--- START ---

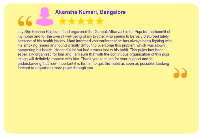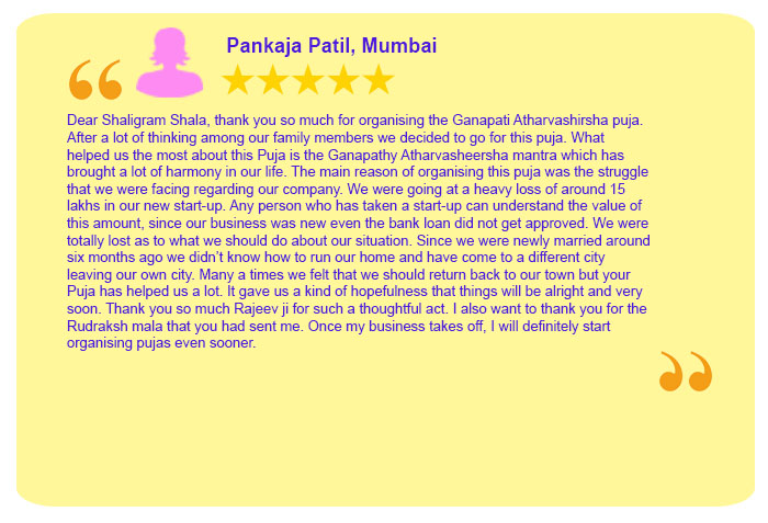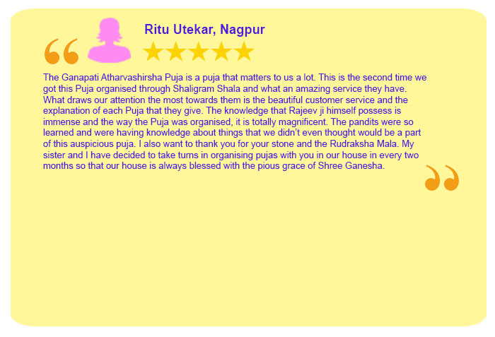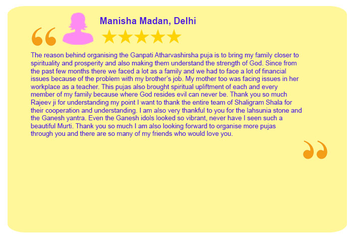 Each Puja Sankalpa has been taken elaborately by Sh. Rajeev Krishna (founder of shaligram.com) in English and Hindi so that devotees amply clear that for what purpose the particular puja is being conducted. One instruction sheet is sent wherein all the instructions are written in detail which are the number of priests, number of chants, Sankalpa, mantra, etc. Mr Rajeev Krishna can be contacted at 9322646420 / 9322646421 for listening to the Sankalpa. He will also briefly discuss your horoscope and guide you in the best possible way.
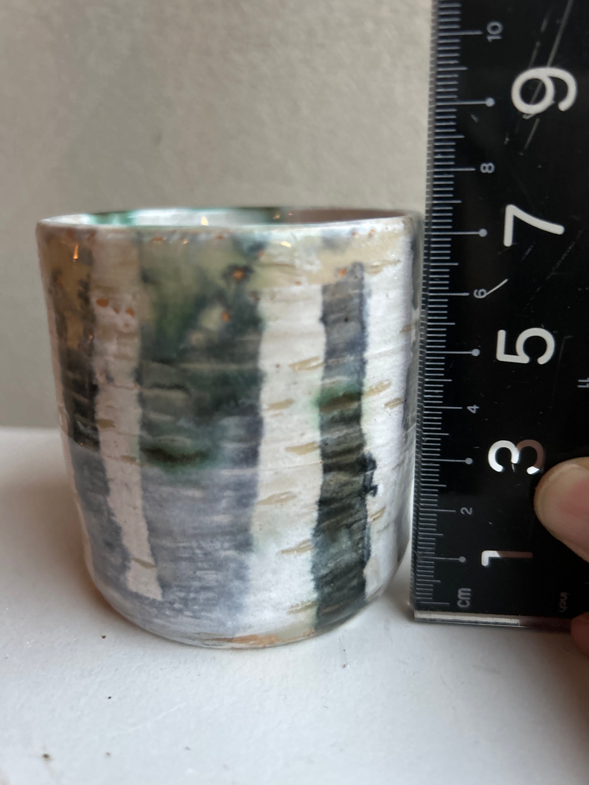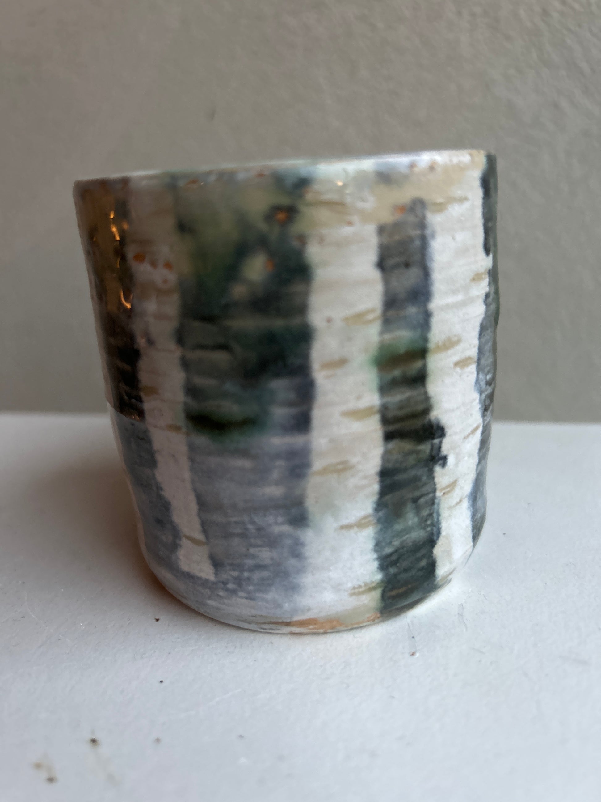 Deze beker is gedecoreerd met een donker bos met witte berken stammen
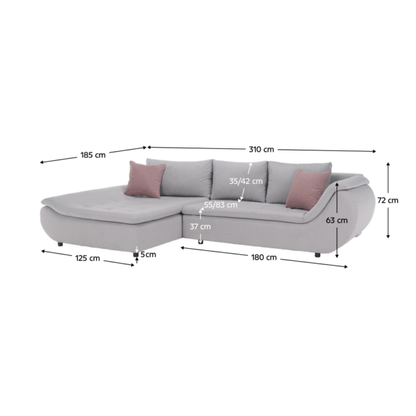 Material: ţesătură Soro 83/61 Rezistenţa ţesăturii conform testului Martindale: 90 000 – 100 000 de cicluri de frecare Culoare: gri deschis / roz pudră Dimensiuni (LxAxÎ): 310x185x72 cm Înălţime scaun: 37 cm Adâncimea scaunului cu perne: 55 cm Adâncimea scaunului fără perne: 83 cm Suprafaţa extensibilă pentru dormit (LxL): 135×240 cm Înălţimea spaţiului inferior de la podea: 5 cm Capacitate de încărcare: 90 kg Umplutura modulului pentru şezut: arcuri ondulate / spumă poliuretanică Variantă pentru partea stânga Tapiţată integral Cu spaţiu de depozitare Trei perne incluse în set Perne decorative incluse Livrată dezasamblată Vă oferim posibilitatea de a alege dintre 7 nuanţe de culoare ale ţesăturii Soro, conform catalogului de mostre. Vă rugăm să specificaţi alegerea dumneavoastră direct în notele din comandă. Preţul canapelei la comandă este de 5889,- . Pentru comenzi personalizate este necesară plata unui avans de 10% din suma totală. După achitarea avansului, comanda dumneavoastră va intra în producţie. Termenul de livrare este de 6-8 săptămâni.
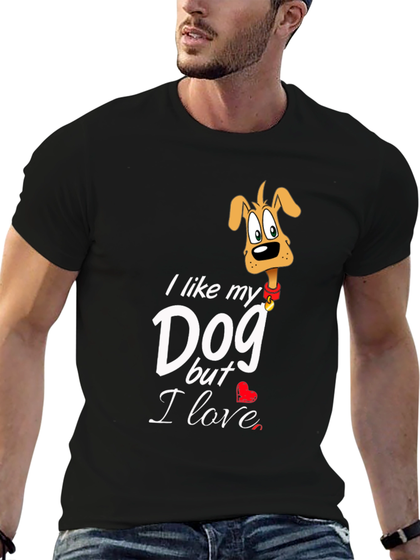 Show your love for your furry friend with this stylish black graphic tee! The shirt features a playful cartoon dog graphic and the text "I like my Dog but I love". Made from comfortable fabric, this t-shirt is perfect for casual wear and dog lovers. It is suitable for a day at the park, running errands, or just relaxing at home with your canine companion. Get yours today and let the world know how much you care about your dog!

--- END ---

Nothing but the lines from the beginning of the material above through the line containing "Deze beker is" should appear in the answer, copied exactly and free of pictures.

 Each Puja Sankalpa has been taken elaborately by Sh. Rajeev Krishna (founder of shaligram.com) in English and Hindi so that devotees amply clear that for what purpose the particular puja is being conducted. One instruction sheet is sent wherein all the instructions are written in detail which are the number of priests, number of chants, Sankalpa, mantra, etc. Mr Rajeev Krishna can be contacted at 9322646420 / 9322646421 for listening to the Sankalpa. He will also briefly discuss your horoscope and guide you in the best possible way.
 Deze beker is gedecoreerd met een donker bos met witte berken stammen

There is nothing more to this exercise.